Women's Services Encyclopedia
Laparoscopy and Cancer
The use of laparoscopy in the treatment, evaluation and staging of cancers of the female reproductive tract is one that is constantly evolving.
Although its use is well-recognized in some situations, it is not indicated in all situations.
Individuals who are overweight (based on height and weight) may not qualify for a laparoscopic approach.
The following gives a general overview but each patient’s situation is unique and must be evaluated on an individual basis.
- Node Sampling: to aid in determining the extent of tumoral spread so that radiation treatment can be more accurately directed.

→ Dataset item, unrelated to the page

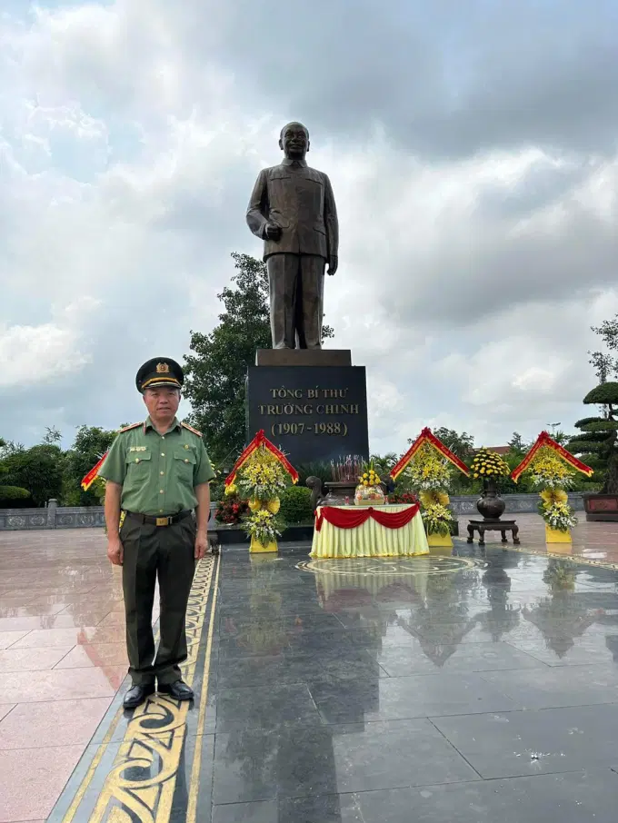 Đồng chí Trung tướng, PGS, TS Phan Xuân Tuy, Bí thư Đảng ủy, Giám đốc Học viện Chính trị Công an nhân dân tham gia Đoàn đại biểu dâng hương Tổng Bí thư Trường Trinh trước buổi tổ chức hội thảo

It also has been
used therapeutically to remove enlarged nodes, but this is a controversial area.
- To aid in the placement of radioactive needles for individuals with large tumors.
- To convert an abdominal approach to a vaginal hysterectomy in individuals with early stage tumors who are appropriate candidates.
Uterine (Endometrial) Cancer
For surgical staging and treatment in individuals who are candidates and whose body size is appropriate (based on height and weight), they may
qualify for a laparoscopic hysterectomy, removal of the tubes and ovaries, and lymphadenectomy.
- Evaluation of anexal masses.
- In selected individuals who are unexpectedly found to have a small cancer of the ovary when the ovary was removed for other reasons, complete
staging to determine if chemotherapy is required.
- To document or rule out recurrent disease.